Dominic Reinold

Personal information
- Date of birth: 7 January 1989 (age 37)
- Place of birth: Wesseling, West Germany
- Height: 1.91 m (6 ft 3 in)
- Position: Forward

Youth career
- Hamburger SV
- 2007–2008: Bonner SC
- 2009–2010: Fairleigh Dickinson Knights

Senior career*
- Years: Team / Apps / (Gls)
- 2010–2011: New Jersey Rangers / 11 / (6)
- 2011–2012: Beira-Mar / 2 / (0)
- 2011–2012: → Covilhã (loan) / 24 / (2)
- Total:  / 37 / (8)

= Dominic Reinold =

German footballer (born 1989)

Dominic Reinold (born 7 January 1989) is a German former professional footballer who played as a forward.

==College and amateur career==
Reinold moved to the United States to play college soccer at Fairleigh Dickinson University in 2009. In his freshman year, Reinold made 18 appearances and led his team with 12 goals and also recorded four assists for a total of 28 points. In his sophomore year, he finished with nine goals and four assists for a total of 22 points.

During his two years at Fairleigh Dickinson, Reinold was named to the First Team All-Northeast Conference in 2009 and 2010 and National Soccer Coaches Association of America Second Team All-North Atlantic Region in 2010. He was also named 2009 Northeast Conference Rookie of the Year.
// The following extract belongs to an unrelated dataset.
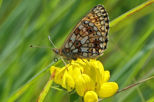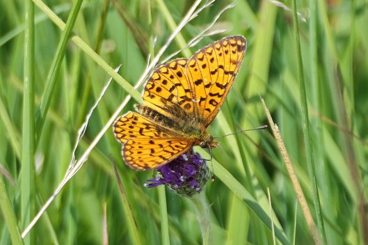 As usual, we were conducting our butterfly hunt in the habitat most favoured by these fritillaries, the damp grasslands of the Aberbargoed Grasslands National Nature Reserve, where the butterflies particularly enjoy flowers like common violets and bluebells, Marsh thistles and Ragged robin. The reserve is also home to a large population of orchids, both Common and Heath spotted-orchids, as well as Cross-leaved heath, Tormentil, Devil’s-bit scabious and Knapweed, amongst other wildflower species, making a wander around its fields a pleasure even when you don’t see very many butterflies.

Reinold also spent two seasons with the New Jersey Rangers in the USL Premier Development League.

==Professional==
On 21 July 2011, after a successful trial, Reinold signed a two-year contract with Beira-Mar, forgoing his final two years of eligibility with Fairleigh Dickinson. He made his professional debut on 14 August, coming on as a sub for Zhang Chengdong in a 0–0 draw against Marítimo.